A farmers market runs out of Hiawatha Thriftway’s parking lot on Tuesday evenings that gives people the opportunity to have more access to fresh produce. Vendors display their garden vegetables, fruits, herbs, and homemade jams, jellies and baked bread in front of the store. This might seem odd considering some of the items compete with goods sold in-store, but cooperative selling has become a new way to do business in rural communities, where the purchases often complement each other.

White buys much of the produce not sold at the weekly farmers’ market and sells it in his store so patrons who don’t make the market can still buy locally grown foods.

White said at first he was skeptical about putting competition at his front door, but he remained open-minded. A customer helped him see how the situation could prove beneficial.

“A customer looked at me and said, ‘You know, you put that farmers’ market in your parking lot, I’m going to shop it, and then I’m going to shop your store,’” he said. “So a light bulb went on at that time.”
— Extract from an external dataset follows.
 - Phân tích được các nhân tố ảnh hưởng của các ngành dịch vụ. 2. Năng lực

Profits increased when the cooperative effort took place. “The grocery business is a hard business,” White said. “Profits are almost unattainable sometimes, but that particular evening, we saw about a 4 to 5 percent increase in sales. I consider that amazing, because to get a 4 to 5 percent increase in sales is almost impossible to buy through advertising.”
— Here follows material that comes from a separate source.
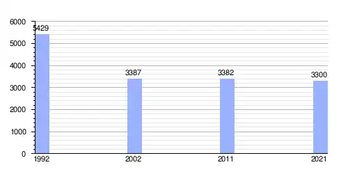 Hasta 2021 la población era de 3300 habitantes,[2] con una densidad de población de 52,75 habitantes por kilómetro cuadrado.[2]

Kansas State University works regularly with grocers through K-State’s Rural Grocery Initiative (RGI) to drive initiatives that identify and develop models to sustain retail food sources in rural areas. Because the rural grocery business is not only tough, it’s competitive — and those in the business need to be able to innovate in order to adapt and thrive to changing needs of everyday customers.

Americans are increasingly becoming aware of the downfalls of high-fat, processed foods and the havoc minimally-nutritive foods play on our health. We’re slowly but surely learning to be careful and attentive to what we put in our bodies — steering clear of GMO’s and hormone-fed animals. As more Americans return to cooking and reach for more healthy, holistic choices for family meals, grocers must be innovative and meet that demand. Locally-grown foods reduce the environmental impact of our food choices, too.